EXERCISE PROMPT: Please set down exactly the lines from the one containing "Personvagn med skador från tågolycka." through the last line of the records below, both included, with no pictures.

(Beginning of THE DATA)

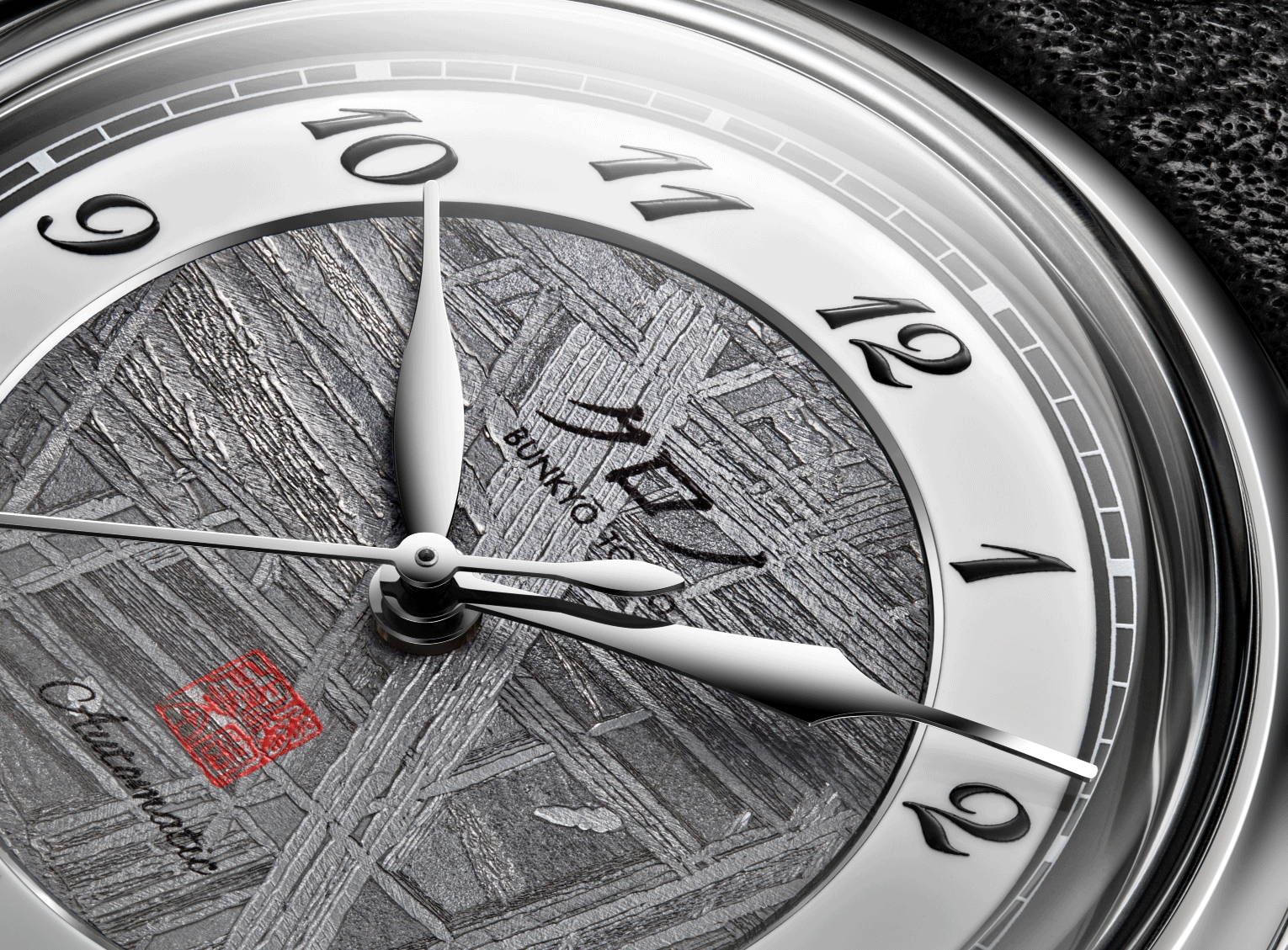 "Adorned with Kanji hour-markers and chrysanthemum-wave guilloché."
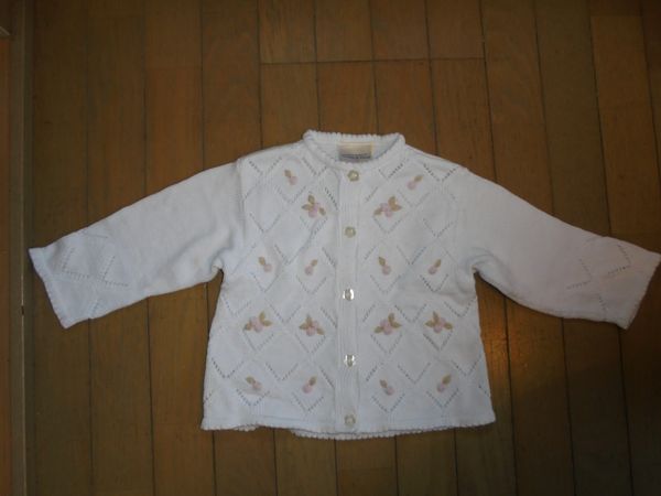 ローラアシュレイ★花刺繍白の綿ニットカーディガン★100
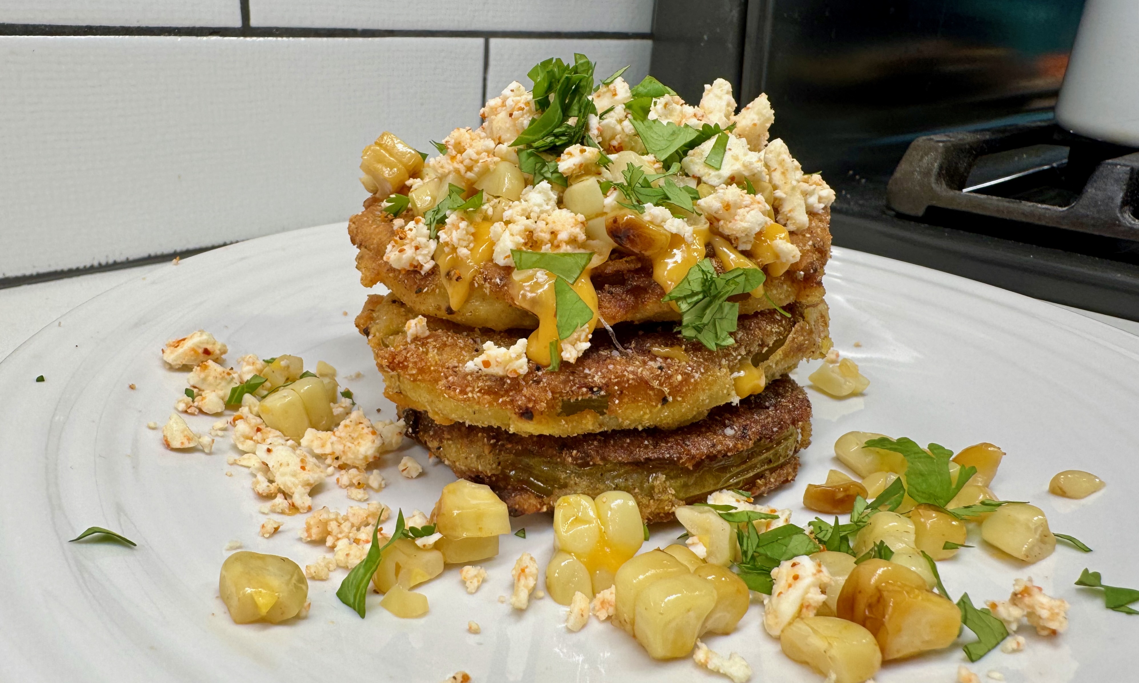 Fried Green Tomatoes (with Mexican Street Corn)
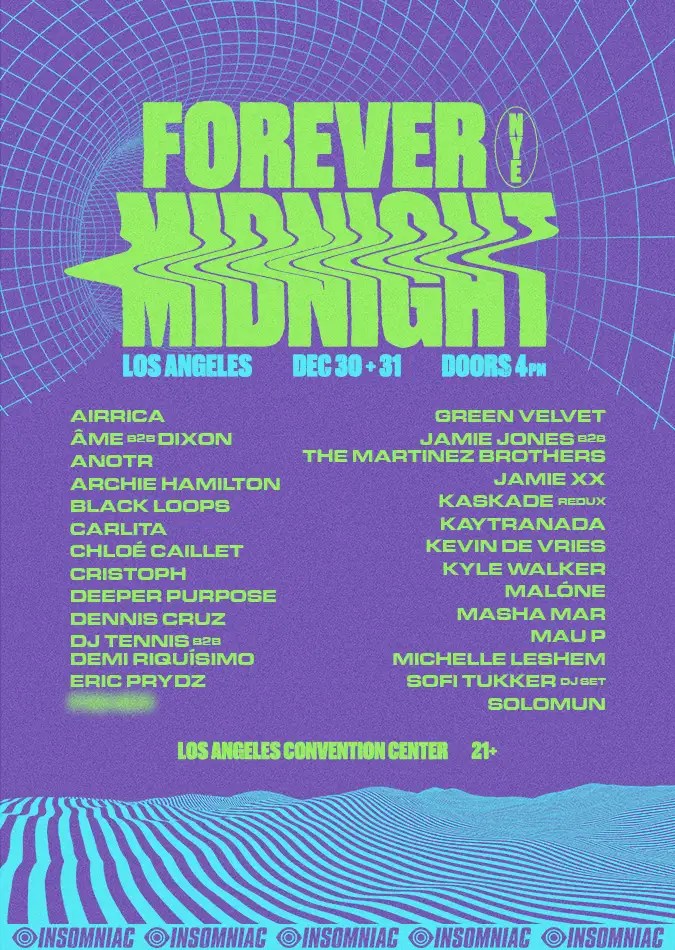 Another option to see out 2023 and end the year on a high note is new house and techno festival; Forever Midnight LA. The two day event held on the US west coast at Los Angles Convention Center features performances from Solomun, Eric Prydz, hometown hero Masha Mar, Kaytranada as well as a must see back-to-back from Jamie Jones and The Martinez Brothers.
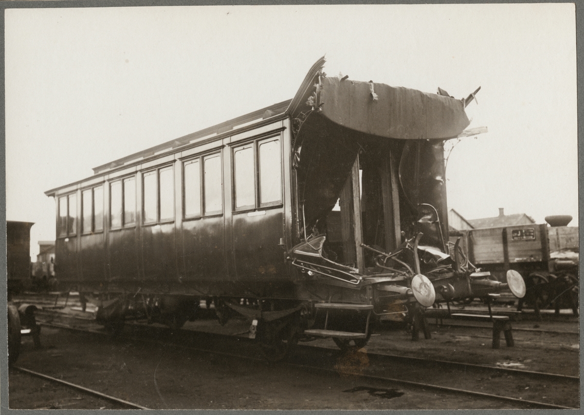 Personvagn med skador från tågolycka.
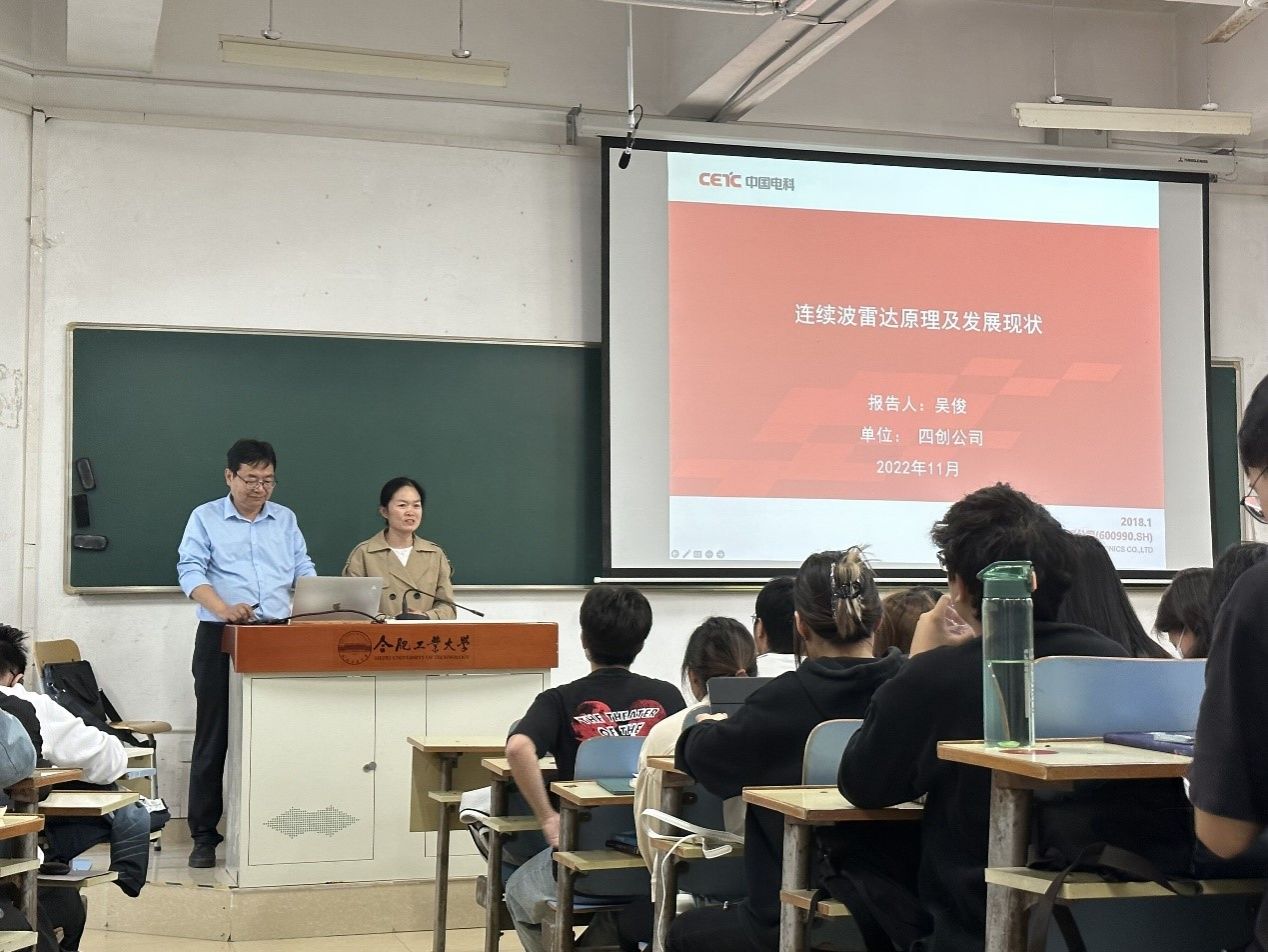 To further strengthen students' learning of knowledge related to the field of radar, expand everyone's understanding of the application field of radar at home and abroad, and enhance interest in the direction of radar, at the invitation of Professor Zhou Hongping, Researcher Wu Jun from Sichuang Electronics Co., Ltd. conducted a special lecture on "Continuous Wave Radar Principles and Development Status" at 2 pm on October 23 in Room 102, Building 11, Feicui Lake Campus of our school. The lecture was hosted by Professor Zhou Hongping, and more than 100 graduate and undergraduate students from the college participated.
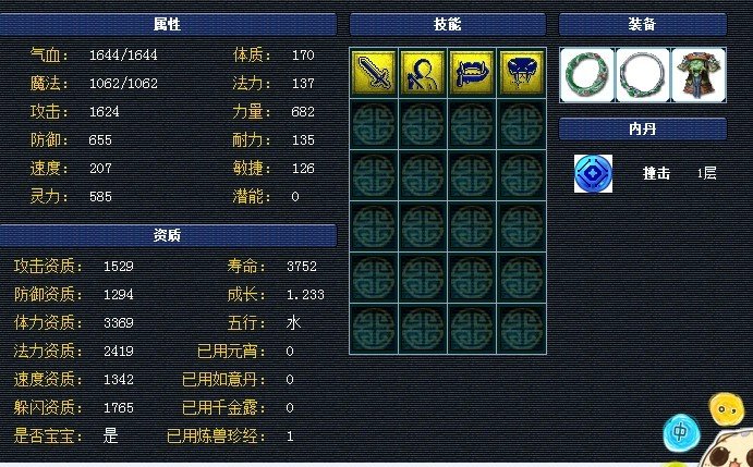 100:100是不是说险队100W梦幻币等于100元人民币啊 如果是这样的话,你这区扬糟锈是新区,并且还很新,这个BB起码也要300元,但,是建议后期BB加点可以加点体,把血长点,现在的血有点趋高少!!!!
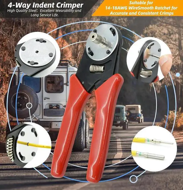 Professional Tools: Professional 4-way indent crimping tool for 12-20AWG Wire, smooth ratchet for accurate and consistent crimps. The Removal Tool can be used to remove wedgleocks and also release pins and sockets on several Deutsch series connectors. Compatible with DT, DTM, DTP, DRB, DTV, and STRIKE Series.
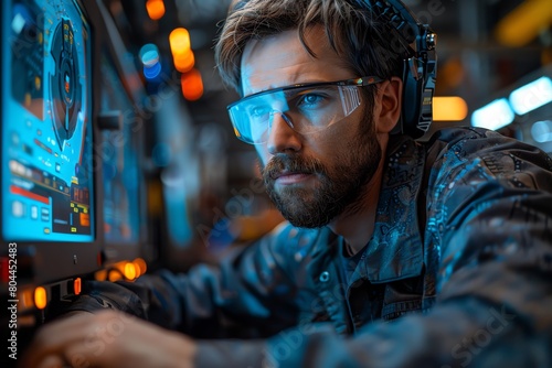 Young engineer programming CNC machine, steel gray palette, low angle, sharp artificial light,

(End of THE DATA)

FINISHED TASK:
 Personvagn med skador från tågolycka.
 To further strengthen students' learning of knowledge related to the field of radar, expand everyone's understanding of the application field of radar at home and abroad, and enhance interest in the direction of radar, at the invitation of Professor Zhou Hongping, Researcher Wu Jun from Sichuang Electronics Co., Ltd. conducted a special lecture on "Continuous Wave Radar Principles and Development Status" at 2 pm on October 23 in Room 102, Building 11, Feicui Lake Campus of our school. The lecture was hosted by Professor Zhou Hongping, and more than 100 graduate and undergraduate students from the college participated.
 100:100是不是说险队100W梦幻币等于100元人民币啊 如果是这样的话,你这区扬糟锈是新区,并且还很新,这个BB起码也要300元,但,是建议后期BB加点可以加点体,把血长点,现在的血有点趋高少!!!!
 Professional Tools: Professional 4-way indent crimping tool for 12-20AWG Wire, smooth ratchet for accurate and consistent crimps. The Removal Tool can be used to remove wedgleocks and also release pins and sockets on several Deutsch series connectors. Compatible with DT, DTM, DTP, DRB, DTV, and STRIKE Series.
 Young engineer programming CNC machine, steel gray palette, low angle, sharp artificial light,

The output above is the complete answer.